5 Common Password Manager Mistakes

1. Staying Logged In

The master password is the most important element protecting your vault. However, your master password won’t help you if you’re already logged in.

For example, let’s say you’re using your laptop at a café and step away for a minute to go to the bathroom. If your password manager keeps you logged in, someone could walk up and steal everything in your vault.

Every password manager is different, but you should be able to adjust this setting to make your vault more secure. It’s a good idea to have the password manager log you out if you’re ever inactive for more than a few minutes. Even if it’s inconvenient to repeatedly enter your password, it’s still worth reducing the risk of unauthorized access.

2. Using a Weak Master Password

Password managers can make your information more secure, but they also put even more pressure on a single password. Your master password controls access to your entire vault, so it’s crucial to use a strong password that won’t be easy to guess or crack in a brute-force attack.

Fortunately, the master password is also the only thing you need to remember. You should figure out something complex that’s different from the rest of the passwords you use.

Repeats or variations of existing passwords should be off-limits. We also recommend checking to see whether your password has previously been exposed in a data breach. Check out our guide to creating strong passwords for more information.

3. Reusing Passwords

Because your vault is secure doesn’t always mean your passwords are safe. Password managers can only help guard against certain types of attacks. For example, there’s nothing you can do to stop websites from experiencing a data breach. A breach could expose your password regardless of how strong or complex it is.

Naturally, using the same password for more than one account increases the risk of a breach. The more times you reuse an identical password, the more you lose if that password is guessed or stolen. Since there’s no way to predict when a breach might happen, it’s critical to proactively safeguard your information.

Despite this clear security risk, roughly two-thirds of all internet users reuse passwords across some or all of their accounts. If you’re in that group, you should switch to unique passwords as soon as possible — particularly for bank accounts and other accounts with personal information.

One of the key benefits of a password manager is that you don’t have to remember each of your passwords, and using the same passwords multiple times is dangerous. If each password is unique, hackers can only get your password for one account at a time.

4. Leaving Two-factor Authentication Off

Using a strong password makes your account safer, but you should still enable two-factor authentication (2FA) for even more security. With 2FA, you’ll need something other than the password (a second factor) to access your account.

2FA usually goes through a designated device, such as your smartphone or a physical security key. The main advantage of 2FA is that a hacker would have to steal two different things to log in. It’s unlikely that anyone compromises your master password, but it’s always better to be safe than sorry.

If possible, you should avoid routing your 2FA notifications through email or short message service (SMS). While most users won’t have any problems, these confirmation messages are much easier for hackers to imitate compared to authenticator apps, security keys, and other channels.

5. Choosing Your Own Passwords

If your password manager is remembering passwords for you, you don’t need to come up with them yourself. Even if you try to use something new every time, you’ll inevitably end up falling back on the same tendencies — and you’ll also waste time that you could spend on other activities.

In 2023, all the major password managers come with built-in password generators. Just set the parameters, generate a new password, then copy and paste it into the password field. You’ll have a password that’s guaranteed to be unique, and you can adjust the settings easily based on your preferences.

What Are the Top Password Managers?

Every user is looking for something different, so there’s no single best password manager for every situation. Still, we’ve found that a few providers stand out from the rest. We’ll cover some of our top picks here, but you should also check out our list of the best password managers of 2023 for more information.


1Password is a well-rounded password manager with a deep range of features, an intuitive design, and support for all major devices. It’s usually on the pricey end at $2.99 per month, paid annually, but we’ve seen it discounted for as little as $1.50 per month, paid annually.

While 1Password works well for individuals, it’s also a good choice for families and groups. You can get a family plan at $4.99 per month, paid annually, for up to five users, and extra users can be added for $1 each per month. As with the individual option, the family version has been discounted as much as 50%.
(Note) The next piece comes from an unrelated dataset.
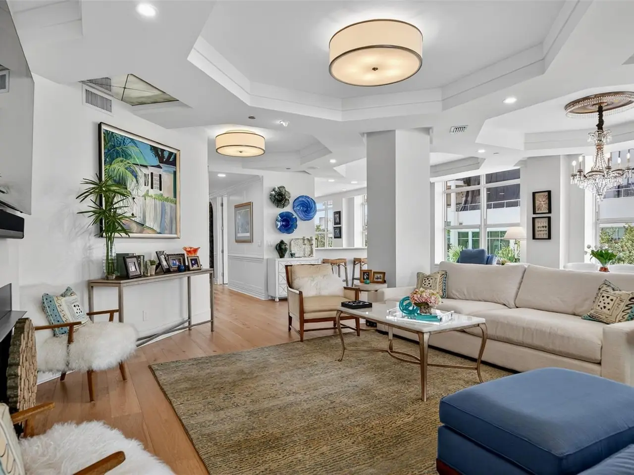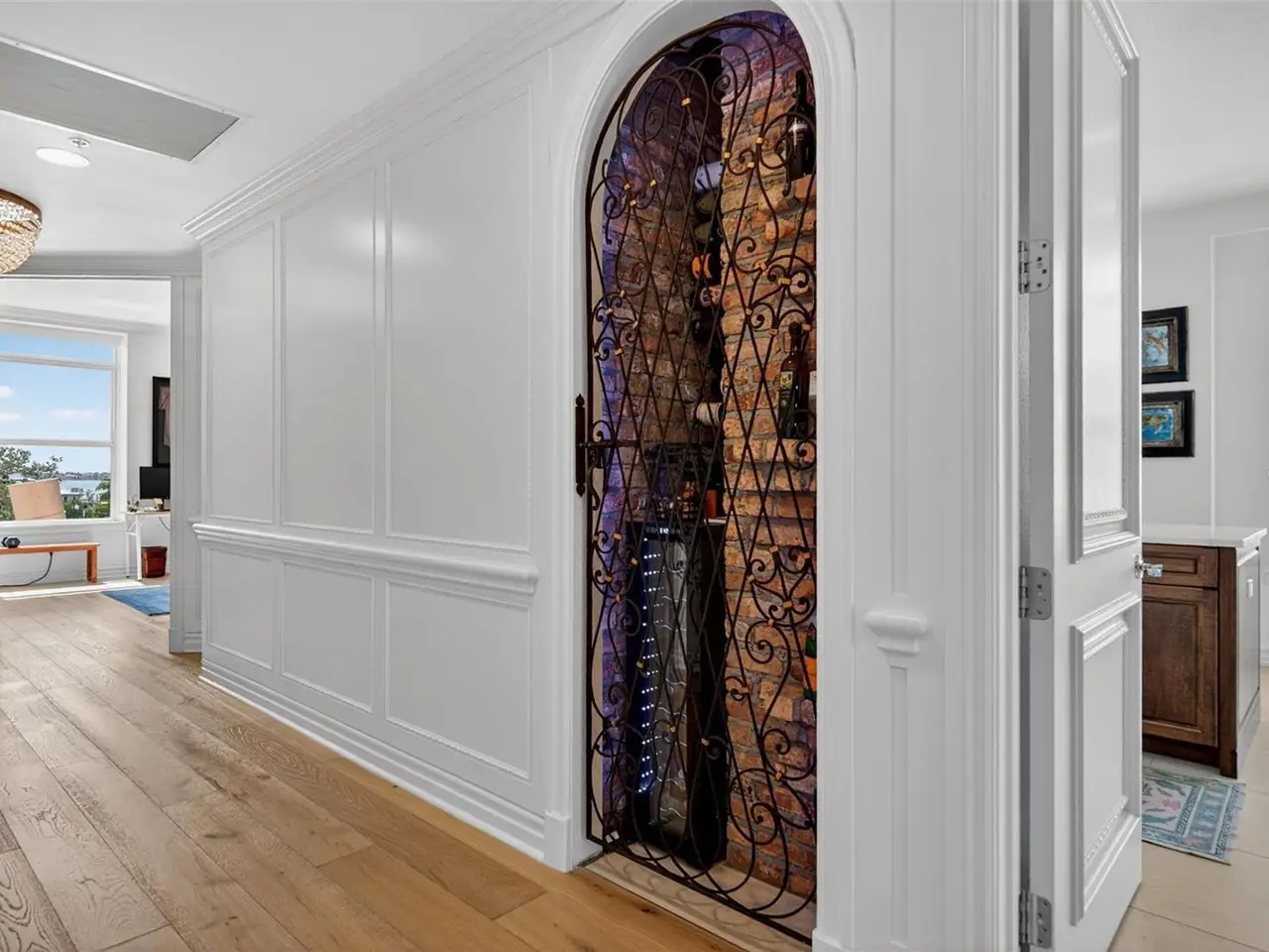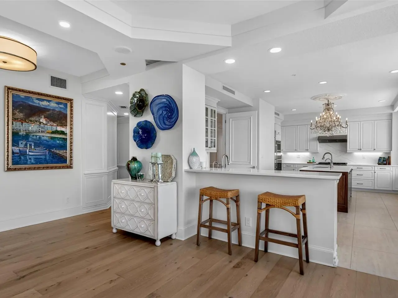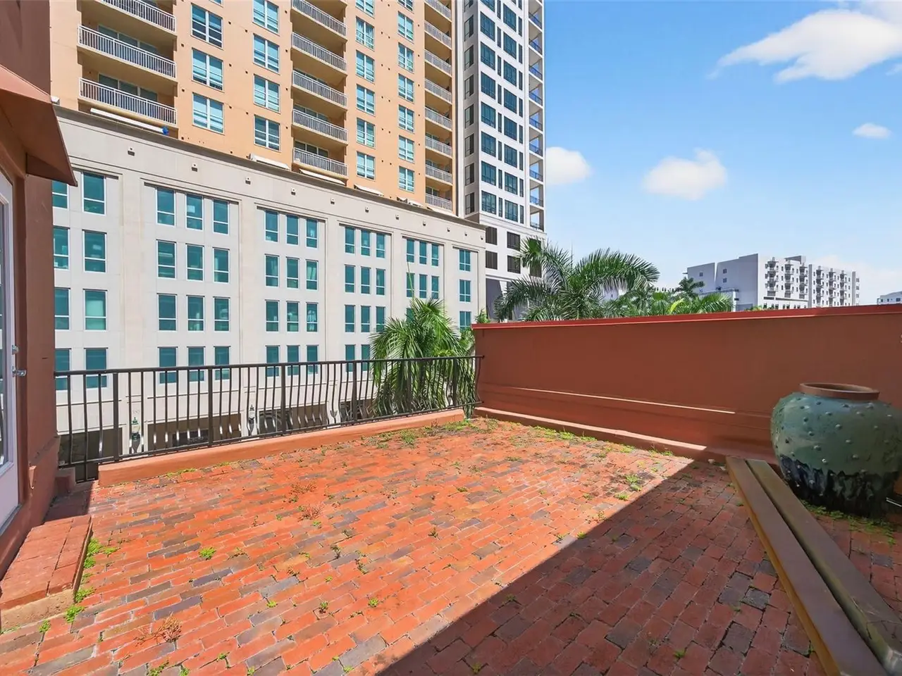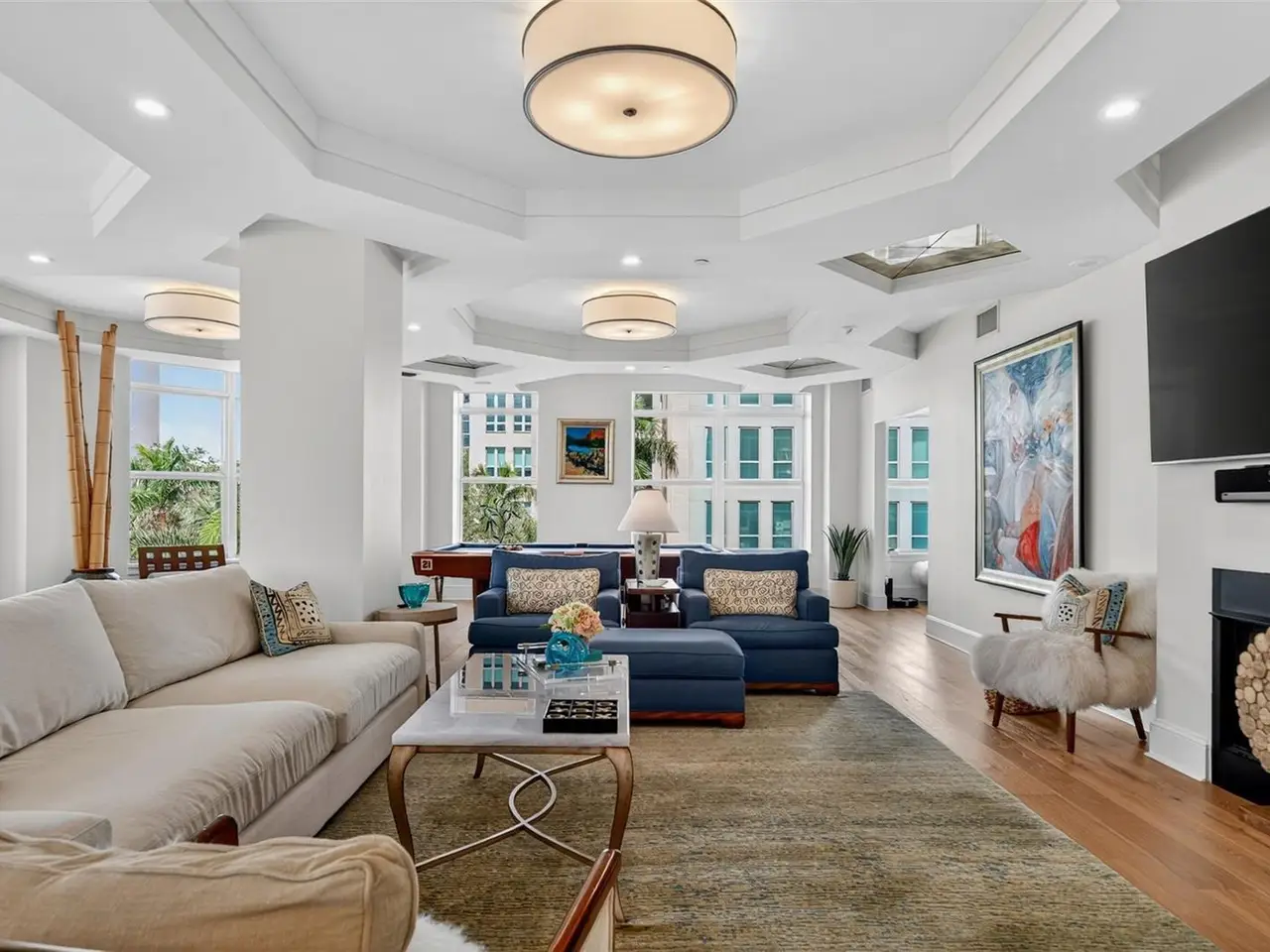 A luxurious piece of Sarasota’s history, combining timeless architecture, generous space, and modern upgrades in the heart of downtown. This rarely available full-floor residence at the iconic Orange Blossom Tower, built in 1926, one of downtown Sarasota’s most prestigious addresses at Main Street and Palm Avenue. Occupying the entire third floor, this 3-bedroom, 3-bath, 3,974-square-foot home offers a vibrant urban lifestyle just steps from fine dining, art galleries, boutiques, Bayfront Park, the marina, and Sarasota’s renowned theater district. From your private elevator, a grand foyer opens to a gallery hallway showcasing an antique brick wine cellar with a custom iron door, leading into expansive living and dining spaces adorned with bespoke millwork, a fireplace, octagonal ceiling detail, and oversized 7’ windows that flood the interiors with natural light. Two private terraces, including an oversized 13’ x 46’ retreat, to extend your living space outdoors for al fresco dining, and relaxation. The professionally enhanced kitchen is a chef’s dream, featuring quartz countertops, a Wolf 6-burner gas range, two Signature dishwashers, built-in refrigerator, beverage refrigerator, and a crystal chandelier over the center island. Condo features a water treatment system with reverse osmosis. Other recent updates include new AC units with infrared (2022 and 2023), new hot water heater (2024), new engineered wood flooring and carpet, a remodeled bath, new electrical outlets, electronic shades throughout, quartz window sills, and LED surface-mount fixtures and dimmers, The spacious owner’s suite offers large windows, 17’7” x 18’ antique-brick terrace overlooking tree-lined Palm Avenue, and an elegantly updated bath with dual vanities, walk-in shower, soaking tub, and custom closet system. Two guest suites are tucked into a private wing, each with a full bath and new custom closets—one opens directly to the expansive terrace—while a versatile large den makes an ideal office, reading room, or potential fourth bedroom with views of Sarasota Bay and stunning sunsets. Residents of Orange Blossom Tower enjoy concierge service, secure lobby entry, two deeded garage spaces, and use of the pool, spa, and fitness center at neighboring 1350 Main, along with additional storage room on the terrace and second floor. Importantly, the building’s Structural Integrity Reserve Study (SIRS) and Financial Reserve Study (FRS) were both completed in 2024, ensuring full compliance with current Florida regulations and giving buyers added peace of mind.
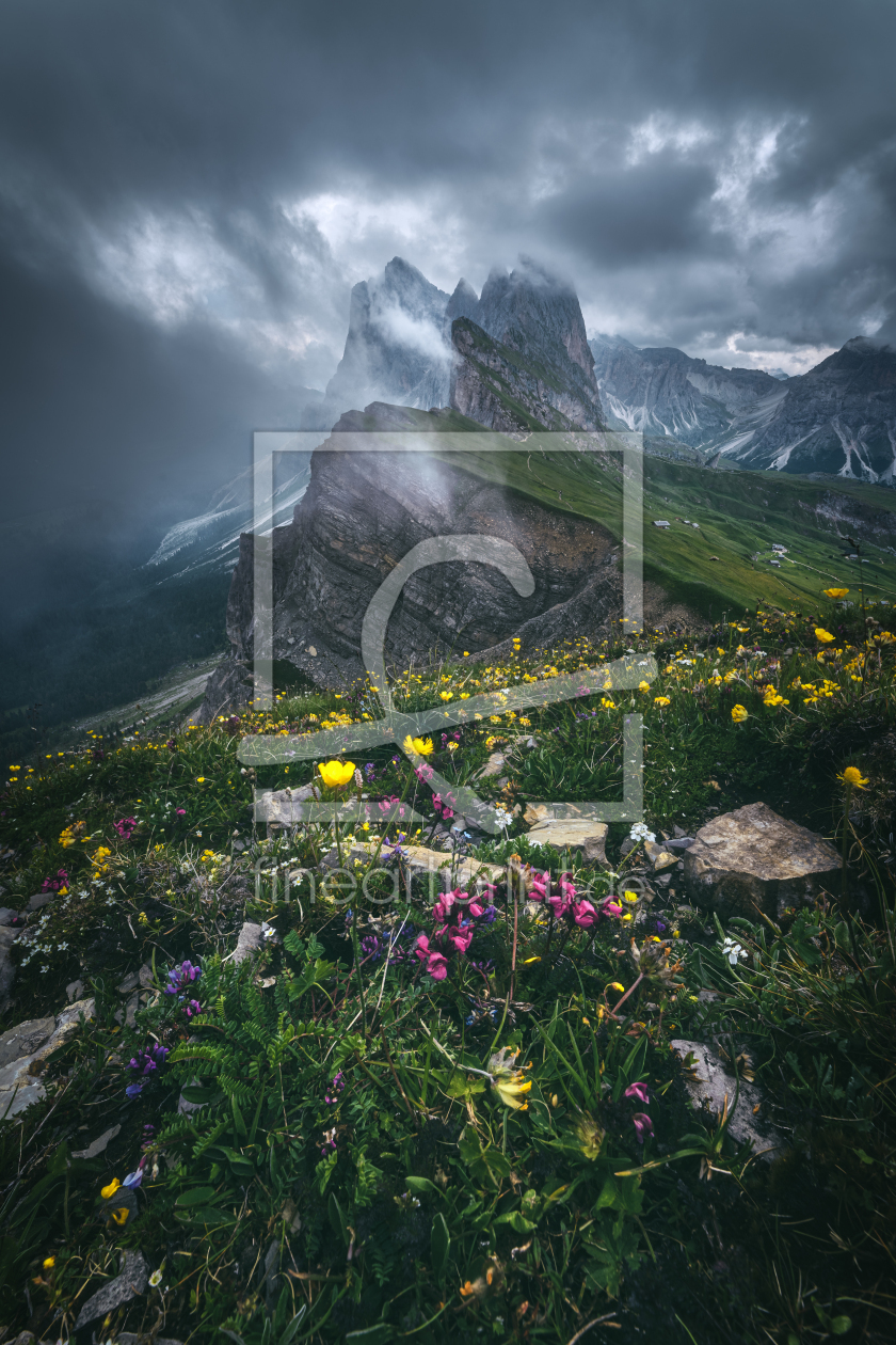 Dolomiten Seceda mit Geisler Gruppe bei Regen

Dashlane is a little different than 1Password — instead of a single subscription tier with one set of features, Dashlane comes with both a free and paid option. The free version is less robust than 1Password while the paid alternative costs more and comes with a few additional features.

Some of the most important additions to Dashlane Premium include dark web monitoring, automatic password changer, and secure virtual private network (VPN). A VPN could run you several dollars per month on its own, which helps justify Dashlane’s price tag of $6.49 per month or $4.99 per month when paid annually.

Final Thoughts

In 2023, most internet users have more than just a few accounts. Without a reliable password manager, it would be almost impossible to keep track of strong, unique passwords for so many different apps and websites.

Password managers are deemed necessities in 2023. People don’t always know how to take full advantage of their password manager’s features. These tips help you make your vault as secure as possible and protect against a variety of common cybersecurity threats.